— Вы, кажется, чересчур усложняете дело, Вилкс. Лаува просто устал от неустроенности своей жизни, к тому же у него тут жена. Эгле, пожалуй, ни при чем. Правда, он постарается обвинить вас в неосмотрительном доверии к Лауве. Вы, вероятно, могли не выпускать этого Лауву из-под своего контроля. Но это уж ваш личный, так сказать, спор…
— Да, мы с Лидумсом могли бы больше сделать для нашего дела без этого неврастеника, — Вилкс механически крутил в пальцах сигарету, не замечая, как из нее сыплется табак. — Он, конечно, просто со злости на то, что вы мне больше доверяли, постарается принизить нашу роль, когда окажется в Англии… — Он говорил вяло, приглушенно, но видно было, что ум его напряжен. Вдруг он выпрямился, как будто на него снизошло божье благоволение, громко сказал: — А вы знаете, мы можем его оставить здесь на некоторое время. Только сказать об этом ему надо в день отъезда. И лучше будет, если это скажете вы.

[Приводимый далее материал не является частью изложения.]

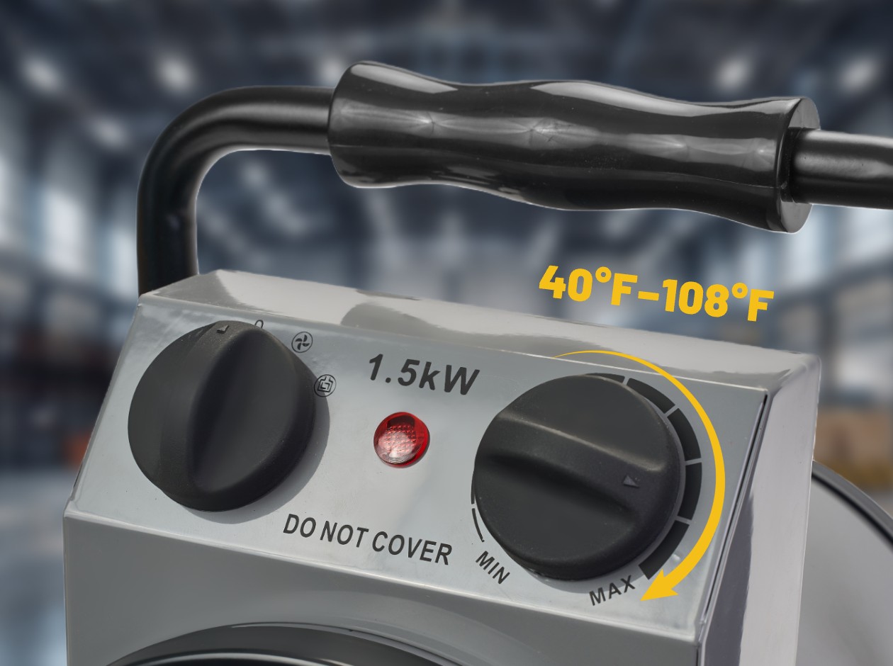 Equipped with a dual-function control knob for fan-only or high heat operation, along with a 40°F–108°F adjustable thermostat dial to ensure rapid, personalized warmth.

Вас он не посмеет ослушаться.
Больше он не мог сдерживаться, вся его ненависть к этому трусу, подонку, ублюдку вырвалась наружу, и было ясно, что он согласен не только с тем, что Эгле лучше оставить здесь, он был бы только рад, если бы эта серая тень человека вообще никогда не вернулась в жизнь.
— Ну что же, мы еще подумаем об этом, — спокойно сказал Будрис, поднимаясь.
Возвращаясь в лагерь, Вилкс нет-нет да и улыбался со злорадным удовольствием. Да, этот Будрис — молодец! Как он точно продумал, что Эгле постарается умалить роль Вилкса, Лидумса, да и всей группы, когда вырвется в Англию! Хотя бы для того, чтобы лишить Вилкса заслуженной награды! Так вот пусть же посидит здесь еще с годик, может, поумнеет, наконец, поймет, какое маленькое место он занимает в жизни!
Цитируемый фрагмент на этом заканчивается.